# Do they move them or not?



## JRG13 (May 11, 2012)

I believe they will move them if need be. People also claim to get drone brood above an excluder, which could be attributed to laying workers or drone eggs/larva being moved past the excluder by worker bees and deposited in more drone friendly locations.


----------



## sqkcrk (Dec 10, 2005)

what about Cell Phone Towers causing CCD?


----------



## Bizzybee (Jan 29, 2006)

Are you saying the voices in their heads from cell phones are altering their behavior?


----------



## Rick 1456 (Jun 22, 2010)

Answer a question with a question; why would they? What circumstances would trigger that behavior? JMO, but I see a big difference between returning a larvae that "fell" out of a cell (so to speak) than selecting one to move to a cell (supecedure I'm assuming) to raise a queen. 
Rick


----------



## Bizzybee (Jan 29, 2006)

Can think of several reasons why they may? There has been argument that no they can't or no they won't for some reason. From what I saw, seems they certainly can easily. When time comes to swarm, who decides? And who puts the larva in the cups?


----------



## Bizzybee (Jan 29, 2006)

Or, how many licks to get to the center of a tootsie pop. The world may never know???


----------



## sqkcrk (Dec 10, 2005)

The first time I came across this question was when I was looking through the International Bee Research Associations (IBRA) Bibliography of Beekeeping when I came across a Paper from Chekoslovakia. This is an old question which will live on just like the second shooter in Dallas when JFK was killed.


----------



## Daniel Y (Sep 12, 2011)

Rick 1456 said:


> Answer a question with a question; why would they? What circumstances would trigger that behavior? JMO, but I see a big difference between returning a larvae that "fell" out of a cell (so to speak) than selecting one to move to a cell (supecedure I'm assuming) to raise a queen.
> Rick


so are you saying there is no question that bees will move larva. and that the only thing in question is why?


----------



## Joel (Mar 3, 2005)

Bizzy - You're full of it - everyone our age (yes you've dated yourself by quoting a very old commericial)knows from watching the owl it takes TW0HOO

Then there are the legends of bees "stealing" eggs from another hive to raise a queen.

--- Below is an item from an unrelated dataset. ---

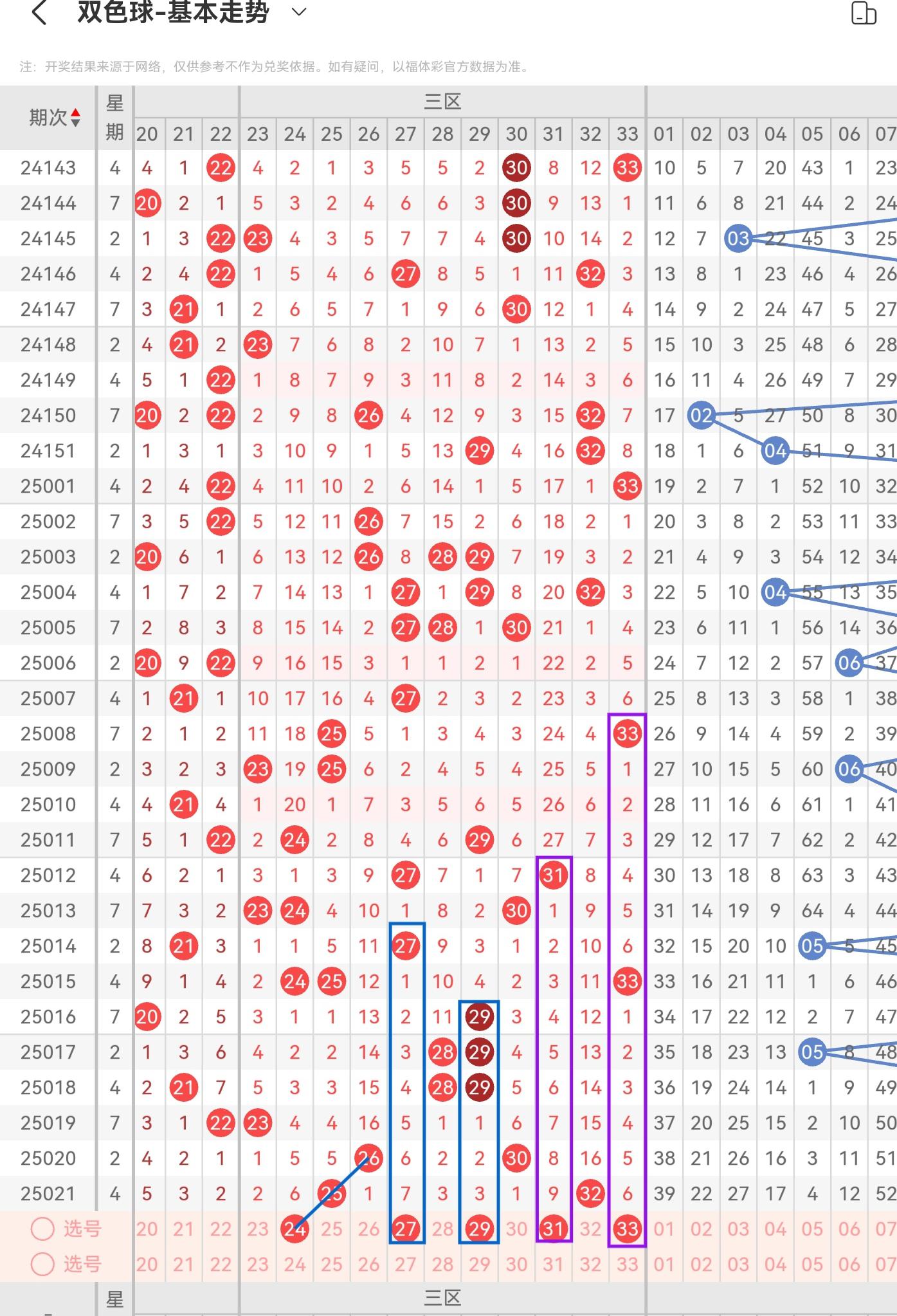 >三区间上期(25021期)开出了两码25-32,开出了分边号码和独码,本期做号需要注意斜连走势号码能否开出,以及独码位置能否有落码和空白区域号码回补落码,从近期该区间上开出独码分边形态来看,在25013期开出独码分边形态后下期放了空,在25017期开出独码分边形态后下期开出了重号,从近期该区间上开出的独码来看,在25015期开出独码后下期独码放了空,在25016期开出独码后下期独码走了重和分了边,在25020期开出独码后下期独码一个分了边,另一个放了空,本期首先需要关注的号码【24】六期回补号码带三斜连走势,然后是【27】七期回补号码,其次是【29】重号三期回补号码,【31】九期回补号码,【33】六期跳空对称形态,本期重点关注号码【24 27 29 31 33】

International Beekeeping Research Associations Bibliography of Beekeeping - Funny - I've been meaning to read that one, sounds rivieting!!!!!!!!!!


----------



## Rick 1456 (Jun 22, 2010)

so are you saying there is no question that bees will move larva. and that the only thing in question is why? 

No,,,,,I have no answer as to whether they do or not. Just posing the question,,,why would they when they have other means. But, bees are bees and do surprising things Maybe I'm taking this too seriously. I agree my phrasing was poor
Rick


----------



## Michael Bush (Aug 2, 2002)

Huber went to great lengths to put bees in a position where they needed to move eggs. They never did. They REmove eggs and consume them, but they do not move them. I know of no documented case of bees moving eggs. I've never heard a scenario where there wasn't a better explanation that did not involve moving eggs.

Here is one of many of his experiments on that particular subject:

http://www.bushfarms.com/huber.htm#commonbeesdonot


----------



## Bizzybee (Jan 29, 2006)

Now Joel! I never said I wasn't full of it!! LOL

And now that you mention it I remember those arguments about egg stealing. I also remember talking to the Honeyman once about having a hive show up with a queen when there wasn't any way there could have been viable eggs to make one. But I vaguely remember the incident. Maybe he does but I doubt it? Probably not even fair to mention it.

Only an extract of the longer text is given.